TASK OBJECTIVE :: Copy the records below in full and leave every image out of the copy.

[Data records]
== Segment start ==
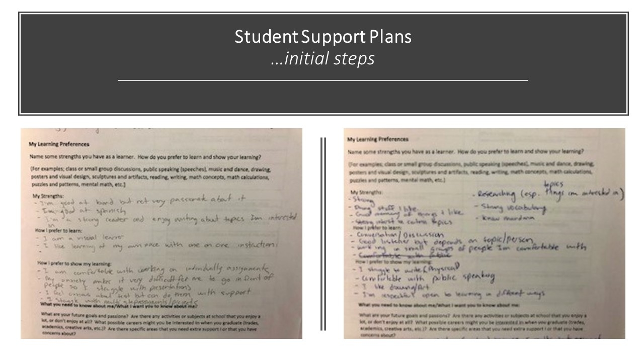Student Support Plans are a part of our school culture. These plans initiate our focus on student self awareness and self management. Students, alongside staff, build and use these plans to help guide the student's academic and personal learning journey.
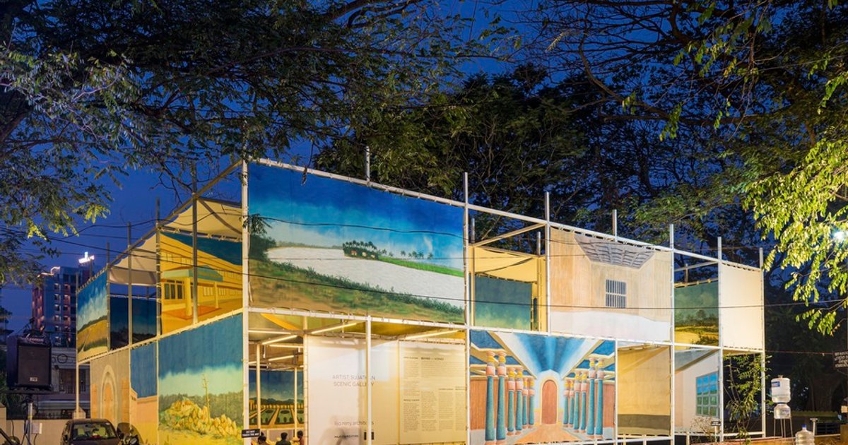 Nestled in the vibrant cultural landscape of Thrissur, India, the BEHIND the SCENES Pavilion emerges as a masterpiece of cultural pavilion architecture. Designed by the innovative LIJO RENY architects, this structure is not just a building but a living narrative of Kerala's rich theatrical heritage, particularly honoring the work of the legendary scenic background artist, Artist Sujathan.
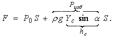 Сумма в скобках в последнем выражении является абсолютным давлением в центре тяжести рассматриваемой произвольной площадки. Таким образом, можно сделать вывод: полная сила давления жидкости на плоскую стенку равна произведению её площади на величину гидростатического давления в центре тяжести этой стенки.
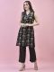 Black Color Floral Print Kurta with Comfort Pant. Knee length Sleeveless Kurta has Double Lapel Collar, Both side and short front slits, straight hemline. Pant has partially elasticated waistband, slip-on closure, one side pocket and curved hemline.
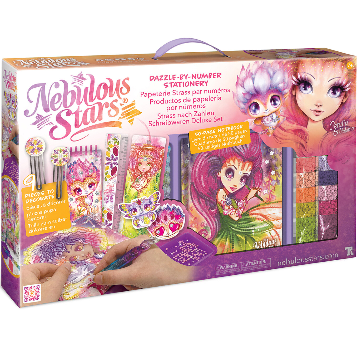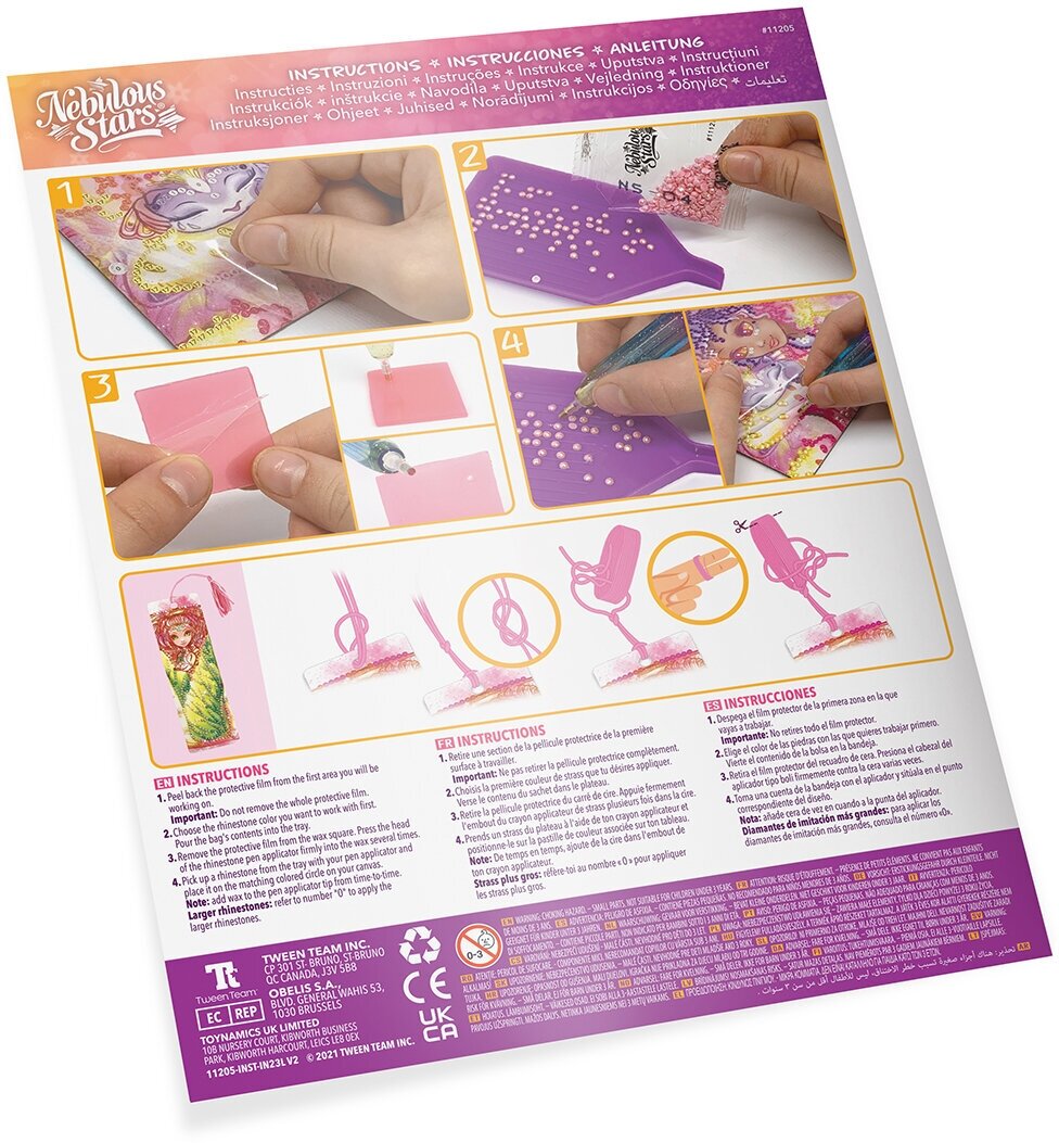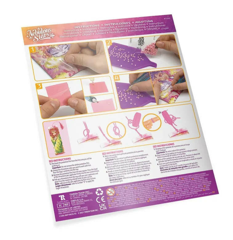 Комплектация: более 5000 стразов, качественный аппликатор для стразов, лоток для стразов и восковой квадрат, 9 готовых к декорированию изделий: блокнот, мини-блокнот для заметок, 2 магнита на холодильник, закладка, 2 скрепки и линейка, хлопковая нить, полная история звёздочки Petulia, инструкция.
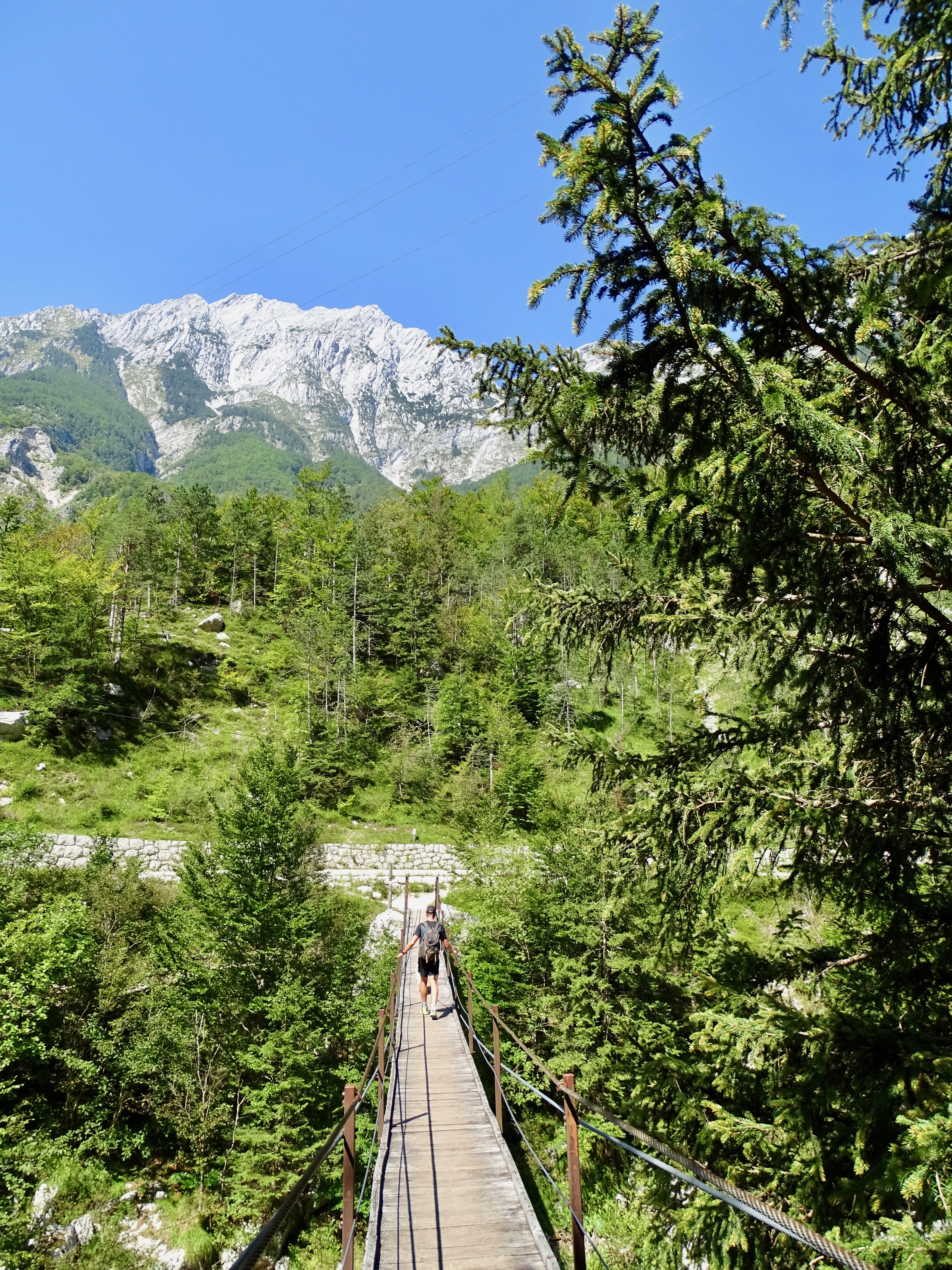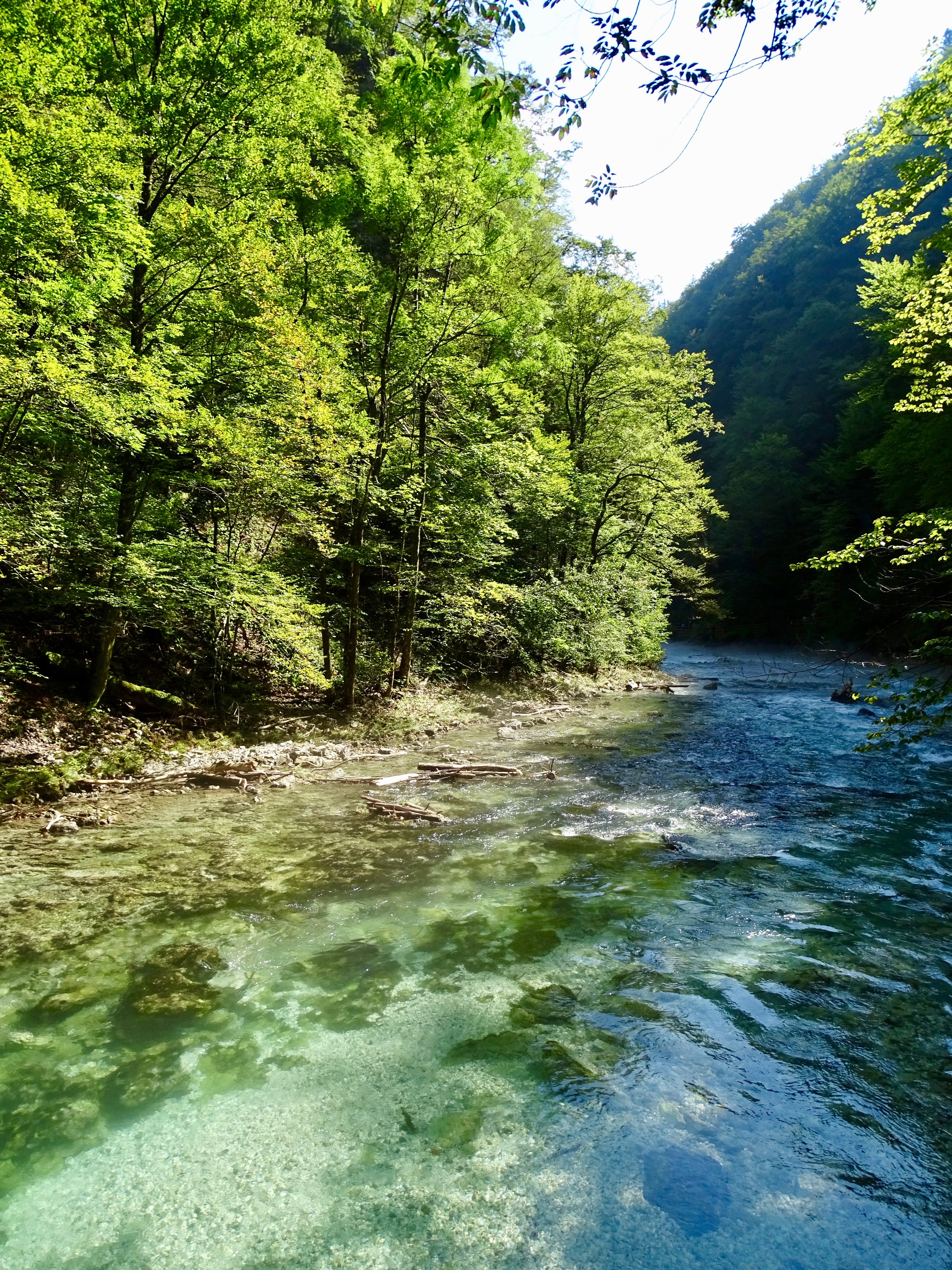 A Trenta, nous avons débuté le trail de la Soca, d’environ 20 km (nous en avons fait 15) qui longe la rivière de la Soca entre Trenta et Bovec, avec passage de passerelles, gorges, notamment Velika Korita.
== Segment end ==
EXERCISE OUTPUT ::
Student Support Plans are a part of our school culture. These plans initiate our focus on student self awareness and self management. Students, alongside staff, build and use these plans to help guide the student's academic and personal learning journey.
 Nestled in the vibrant cultural landscape of Thrissur, India, the BEHIND the SCENES Pavilion emerges as a masterpiece of cultural pavilion architecture. Designed by the innovative LIJO RENY architects, this structure is not just a building but a living narrative of Kerala's rich theatrical heritage, particularly honoring the work of the legendary scenic background artist, Artist Sujathan.
 Сумма в скобках в последнем выражении является абсолютным давлением в центре тяжести рассматриваемой произвольной площадки. Таким образом, можно сделать вывод: полная сила давления жидкости на плоскую стенку равна произведению её площади на величину гидростатического давления в центре тяжести этой стенки.
 Black Color Floral Print Kurta with Comfort Pant. Knee length Sleeveless Kurta has Double Lapel Collar, Both side and short front slits, straight hemline. Pant has partially elasticated waistband, slip-on closure, one side pocket and curved hemline.
 Комплектация: более 5000 стразов, качественный аппликатор для стразов, лоток для стразов и восковой квадрат, 9 готовых к декорированию изделий: блокнот, мини-блокнот для заметок, 2 магнита на холодильник, закладка, 2 скрепки и линейка, хлопковая нить, полная история звёздочки Petulia, инструкция.
 A Trenta, nous avons débuté le trail de la Soca, d’environ 20 km (nous en avons fait 15) qui longe la rivière de la Soca entre Trenta et Bovec, avec passage de passerelles, gorges, notamment Velika Korita.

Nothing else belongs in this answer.